■ EXERCISE REQUIREMENTS: From the line containing "Τον Οικουμενικό Πατριάρχη" to the line containing "Les mots illustrés" in the entries below, reproduce every line exactly, ends included. Nothing else belongs in the copy, and no pictures.

[Data items]
----------------------------------------
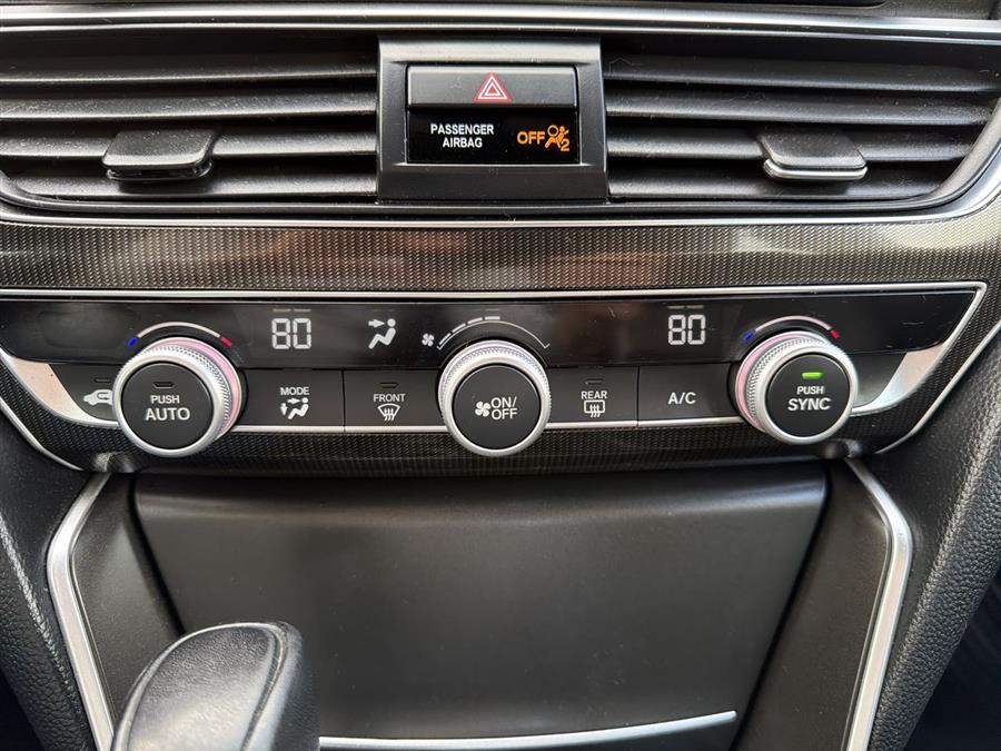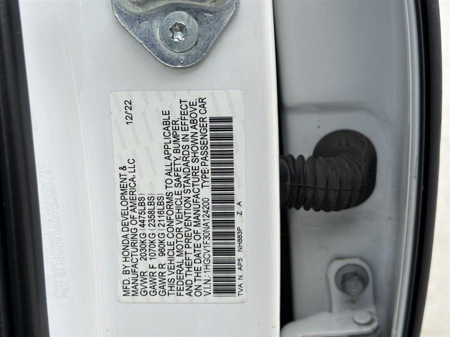 Apple Carplay/Android Auto, Black Artificial Leather, 4-Wheel Disc Brakes, 8 Speakers, ABS brakes, Adaptive Cruise Control: Adaptive Cruise Control (ACC) with Low-Speed Follow, Air Conditioning, Alloy wheels, AM/FM radio, Apple CarPlay/Android Auto, Auto High-beam Headlights, Automatic temperature control, Brake assist, Bumpers: body-color, Delay-off headlights, Driver door bin, Driver vanity mirror, Dual front impact airbags, Dual front side impact airbags, Electronic Stability Control, Emergency communication system: HondaLink, Exterior Parking Camera Rear, Fabric w/Synthetic Leather Seat Trim, Forward collision: Collision Mitigation Braking System (CMBS) + FCW mitigation, Four wheel independent suspension, Front anti-roll bar, Front Bucket Seats, Front Center Armrest, Front dual zone A/C, Front fog lights, Front reading lights, Fully automatic headlights, Illuminated entry, Knee airbag, Lane Departure Warning System, Leather Shift Knob, Leather steering wheel, Low tire pressure warning, Occupant sensing airbag, Outside temperature display, Overhead airbag, Overhead console, Panic alarm, Passenger door bin, Passenger vanity mirror, Power door mirrors, Power driver seat, Power steering, Power windows, Radio data system, Radio: 180-Watt AM/FM Audio System, Rear anti-roll bar, Rear seat center armrest, Rear window defroster, Remote keyless entry, Security system, Speed control, Speed-sensing steering, Speed-Sensitive Wipers, Split folding rear seat, Spoiler, Steering wheel mounted audio controls, Tachometer, Telescoping steering wheel, Tilt steering wheel, Traction control, Trip computer, Variably intermittent wipers, Wheels: 19" Machine-Finished Alloy w/Black Inserts, Black Artificial Leather.
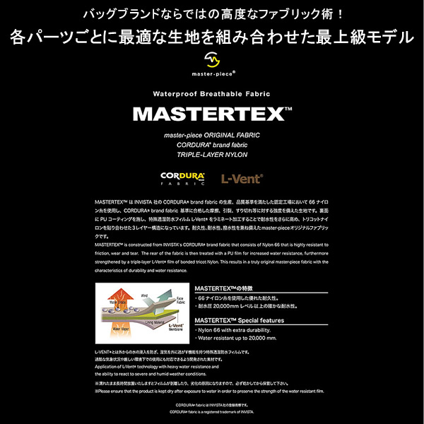 素材は耐久性、耐水性に優れたオリジナルファブリックMASTERTEX-04を使用。随所にデザインされた高級感を演出する牛革部分には、防水鞣し加工が施されています。 表面には撥水加工、裏面には特殊透湿防水フィルムをラミネート加工しトリコットナイロンを貼り合わせた3層構造による耐水圧20,000mmレベルの防水機能を備えています。
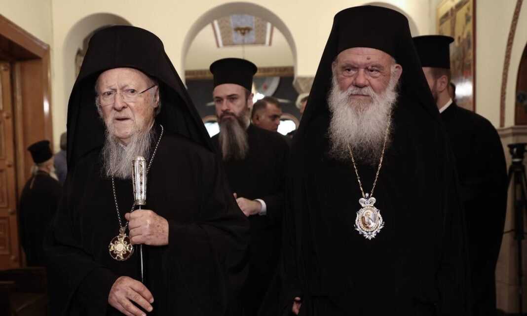 Τον Οικουμενικό Πατριάρχη Βαρθολομαίο υποδέχθηκε το απόγευμα της Πέμπτης στην Ιερά Αρχιεπισκοπή Αθηνών, ο Αρχιεπίσκοπος Αθηνών και πάσης Ελλάδος Ιερώνυμος.
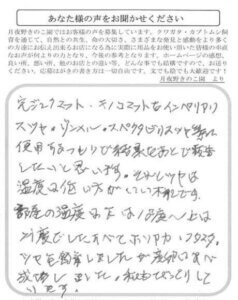 先日、きのこマットを注文しました。3日間ガス抜きをして使用しました。くわしい使用例などあるといいかと思います。ハガキ等で返信あればうれしいです。
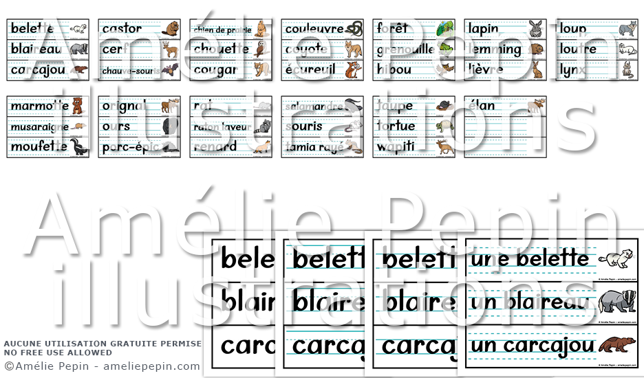 Les mots illustrés sont: belette, blaireau, carcajou, castor, cerf, chauve-souris, chien de prairie, chouette, cougar, couleuvre, coyote, écureuil, forêt, grenouille, hibou, lapin, lemming, lièvre, loup, loutre, lynx, marmotte, musaraigne, moufette, orignal, élan, ours, porc-épic, rat, raton laveur, renard, salamandre, souris, tamia rayé, taupe, tortue, wapiti.
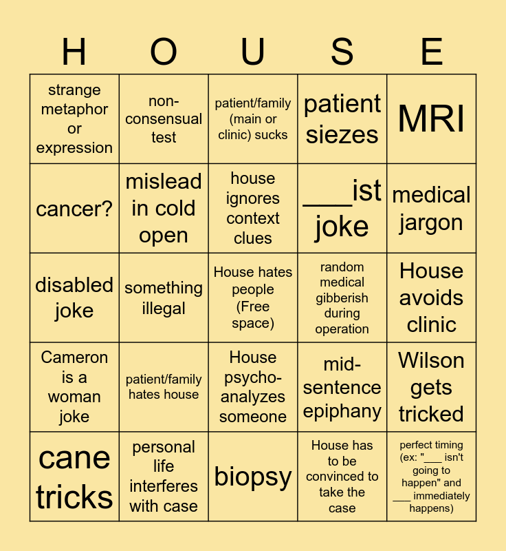 This bingo card has a free space and 57 words: House pops a pill, cane tricks, Cuddy gets mad, strange metaphor or expression, biopsy, patient can't breathe, mislead in cold open, Something unethical, ___ist joke, Hilson, patient siezes, House has an epiphany in the clinic, I hate the australian one, house sexualizes someone, patient hides something important, Cameron gets belittled or patronized, MRI, something illegal, organ failure, perfect timing (ex: "___ isn't going to happen" and ___ immediately happens), random medical gibberish during operation, one of the ducklings throws out a random guess, mid-sentence epiphany, patient/family (main or clinic) sucks, inner body view, house ignores context clues, whiteboard, treatment without diagnosis, medical jargon, treatment almost kills patient, team defies house, large loss of blood, misdiagnosis, cameron is the only one with a heart, House avoids clinic, cancer?, elevator scene, disabled joke, Foreman is black joke, Cameron is a woman joke, non-consensual test, House psycho-analyzes someone, Wilson psycho-analyzes house, house disobeys Cuddy, House is mean to patient/family, House is nice to someone (likely ironically or sarcastically), patient/family hates house, personal life interferes with case, patient is a kid, pacing, House's office, House has to be convinced to take the case, House is unserious, sexual tension, house lies to patient, Wilson gets tricked and house sexualizes cuddy.
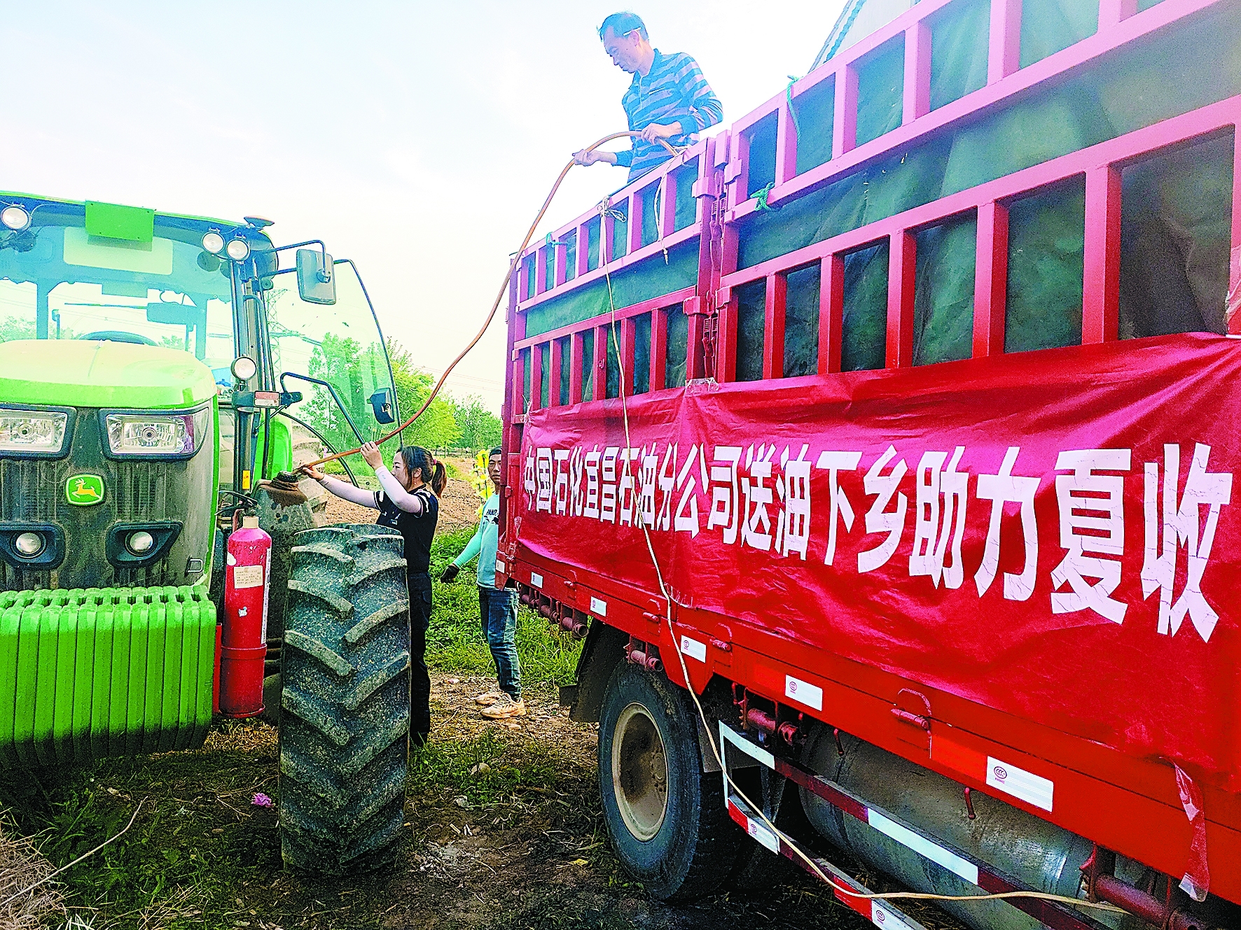 5月以来,“三夏”用油需求日益增多,湖北宜昌石油坚持优先加油、优惠供应、优质服务,在全市设置40余座“三夏”用油保供站,在站点内开通绿色通道,提供送油到田间地头服务,保障农机作业用油。图为5月9日七星台加能站员工到田间地头送油。(董泽惠 摄 龚华林 文)
----------------------------------------
■ THE COMPLETED TASK:
 Τον Οικουμενικό Πατριάρχη Βαρθολομαίο υποδέχθηκε το απόγευμα της Πέμπτης στην Ιερά Αρχιεπισκοπή Αθηνών, ο Αρχιεπίσκοπος Αθηνών και πάσης Ελλάδος Ιερώνυμος.
 先日、きのこマットを注文しました。3日間ガス抜きをして使用しました。くわしい使用例などあるといいかと思います。ハガキ等で返信あればうれしいです。
 Les mots illustrés sont: belette, blaireau, carcajou, castor, cerf, chauve-souris, chien de prairie, chouette, cougar, couleuvre, coyote, écureuil, forêt, grenouille, hibou, lapin, lemming, lièvre, loup, loutre, lynx, marmotte, musaraigne, moufette, orignal, élan, ours, porc-épic, rat, raton laveur, renard, salamandre, souris, tamia rayé, taupe, tortue, wapiti.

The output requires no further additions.